O preconceito está em todas as partes. Na roupa que usamos, em nossa orientação sexual, no que comemos e até no que sentimos. Colocam o dedo em tudo e, infelizmente, ao invés de se informarem, oferecerem ajuda e tentarem entender o porquê daquilo estar acontecendo, as pessoas preferem tirar as suas conclusões por conta própria.

O absurdo acontece também na área da saúde, com as doenças. Falta empatia para saber as causas da doença x ou y, se ela é tratável, contagiosa e por aí vai. É mais fácil generalizar.

Por conta disso, listamos algumas doenças que as pessoas têm preconceito e as desmistificamos em dois posts diferentes, para que você veja atentamente que esse olhar torto não tá com nada.

Depressão

A depressão é caracterizada pela perda ou diminuição do interesse pelas coisas, pelos relacionamentos, trabalho e pela vida de forma geral, podendo atingir pessoas de qualquer idade.

Mais do que apenas um “mimimi”, a doença é muito séria e por vezes difícil de ser diagnosticada e tratada, mas não impossível.

Ela tem cura e seu tratamento deve ser feito através de auxílio médico, ajuda de medicamentos antidepressivos, um estilo de vida com tempo para atividades prazerosas, entre outras recomendações.

Para além do tratamento “convencional”, a verdade é que a pessoa depressiva, que pode ser seu irmão, sua amiga, ou colega de trabalho, também precisa ser ouvida, compreendida e amada, longe de qualquer julgamento.

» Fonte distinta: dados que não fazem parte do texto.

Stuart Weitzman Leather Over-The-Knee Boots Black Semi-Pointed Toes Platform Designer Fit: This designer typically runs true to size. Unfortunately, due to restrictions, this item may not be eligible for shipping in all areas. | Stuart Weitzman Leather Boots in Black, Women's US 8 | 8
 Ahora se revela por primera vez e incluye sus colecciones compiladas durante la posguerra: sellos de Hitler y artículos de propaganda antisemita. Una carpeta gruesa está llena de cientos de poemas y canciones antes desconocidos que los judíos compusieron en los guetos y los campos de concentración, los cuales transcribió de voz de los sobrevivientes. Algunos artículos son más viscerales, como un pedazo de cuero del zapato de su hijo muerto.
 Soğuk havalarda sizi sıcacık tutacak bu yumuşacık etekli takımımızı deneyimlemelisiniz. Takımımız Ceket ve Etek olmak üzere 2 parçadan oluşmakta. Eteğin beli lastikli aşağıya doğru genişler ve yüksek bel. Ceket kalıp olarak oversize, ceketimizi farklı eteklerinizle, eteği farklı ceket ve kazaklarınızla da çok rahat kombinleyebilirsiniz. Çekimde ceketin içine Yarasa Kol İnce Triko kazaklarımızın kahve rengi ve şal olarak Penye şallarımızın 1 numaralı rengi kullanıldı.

Imagem mostra mulher triste, com a mão na cabeça, simbolizando a depressão

Olhar para esta imagem e para as pessoas com depressão de um jeito mais amável e longe de estigmas já faz uma enorme diferença. Pode ter certeza.

Obesidade

As pessoas tendem a achar que se alguém é obeso é porque come muito, mas isso é errado.

A obesidade pode, sim, ser um excesso de calorias ingeridas, mas aspectos genéticos, ambientais e outras doenças, incluindo a depressão, também podem influenciar no quadro.

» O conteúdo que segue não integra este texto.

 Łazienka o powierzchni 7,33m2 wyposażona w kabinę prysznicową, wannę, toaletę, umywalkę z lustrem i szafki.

Não existe segredo no seu tratamento: pode ser através de dieta e uma alimentação mais balanceada recomendada pelo nutricionista, medicamentos também receitados de acordo com orientação médica, atividades físicas ou cirurgia.

O importante mesmo, tal como a depressão, é apoiar e estar ao lado da pessoa sempre, sem bullying ou piadas de mau gosto, independente dela ter 50 ou 100kg.

Além disso, é preciso que todos tenhamos em mente que a pessoa pode (e deve) ser feliz do jeito que ela é. Hoje em dia, modelos plus size já dominam as passarelas de moda e se sentem satisfeitos com o seu corpo.

Imagem mostra modelo plus size negra modelando e satisfeita com o seu corpo

É o ou não é o que importa?

Vitiligo

Para quem acha que vitiligo passa só de você tocar na pessoa, um alerta: você está muito errado, meu amigo. Vitiligo não apresenta qualquer risco de contágio.

Caracterizada pela despigmentação da pele e, consequentemente, por manchas esbranquiçadas pelo corpo todo, a doença não é causada por nenhum microorganismo e pode aparecer em qualquer idade e em qualquer tipo de pele.

O vitiligo não tem cura, mas conta com diversas formas de tratamento, químico, alternativo ou mesmo psicológico, que podem melhorar a aparência da pele. Cada caso é um caso.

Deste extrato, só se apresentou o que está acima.